En juillet, le Président de la République s’est réjoui de l’accord du Conseil sur le plan de relance européen Next Generation EU, mais je voudrais tempérer quelque peu cet enthousiasme.
En effet, les 40 milliards d’euros qui devraient être alloués à la France sont soumis à un certain nombre de contreparties. Notamment, la France va devoir présenter son plan à la Commission au début de l’année prochaine. Dès mercredi 18 novembre dernier, la Commission s’est inquiétée de la conséquence de la baisse des impôts de production sur la soutenabilité de notre dette à moyen terme.
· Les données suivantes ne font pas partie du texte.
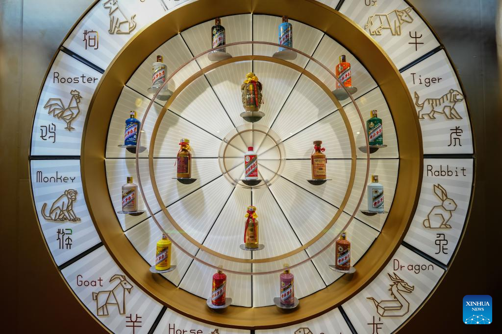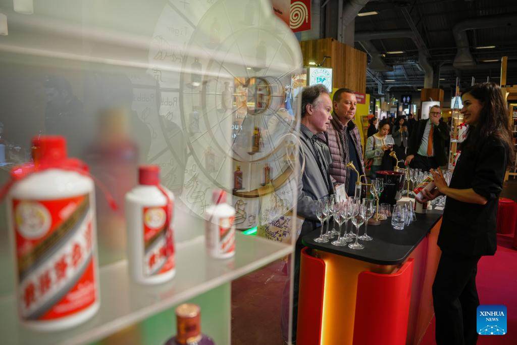The Moutai spirits are seen at the Wine Paris 2026 fair, at the Porte de Versailles exhibition center in Paris, France, Feb. 10, 2026. (Photo by Aurelien Morissard/Xinhua)

Pourtant, les analyses économiques sont assez unanimes pour dire que la baisse des impôts de production est la mesure de ce plan de relance qui aura le plus d’effet sur la croissance de moyen terme. Il se pourrait donc, parce que nous n’allons pas respecter les critères de conditionnalité, qu’une partie des aides de l’Union européenne ne nous soit jamais allouée.
Au-delà du débat sur le montant réel du plan, je formulerai trois critiques sur son contenu.
Tout d’abord, il me semble que ce plan procède un peu de l’économie circulaire : des idées plusieurs fois évoquées reviennent sans que soient apportées de véritables réponses à des faiblesses déjà identifiées.
Ainsi, 4, 7 milliards d’euros sont fléchés vers le ferroviaire pour recapitaliser la SNCF et financer des annonces déjà connues, comme la rénovation du réseau ou la suppression du glyphosate. Un focus est opéré sur le fret ferroviaire, avec la gratuité des péages ou des mesures en faveur du wagon isolé. Mais, quelle est l’articulation avec les travaux de régénération ? Avec quels sillons ? Ce sera le quatrième plan fret en vingt ans…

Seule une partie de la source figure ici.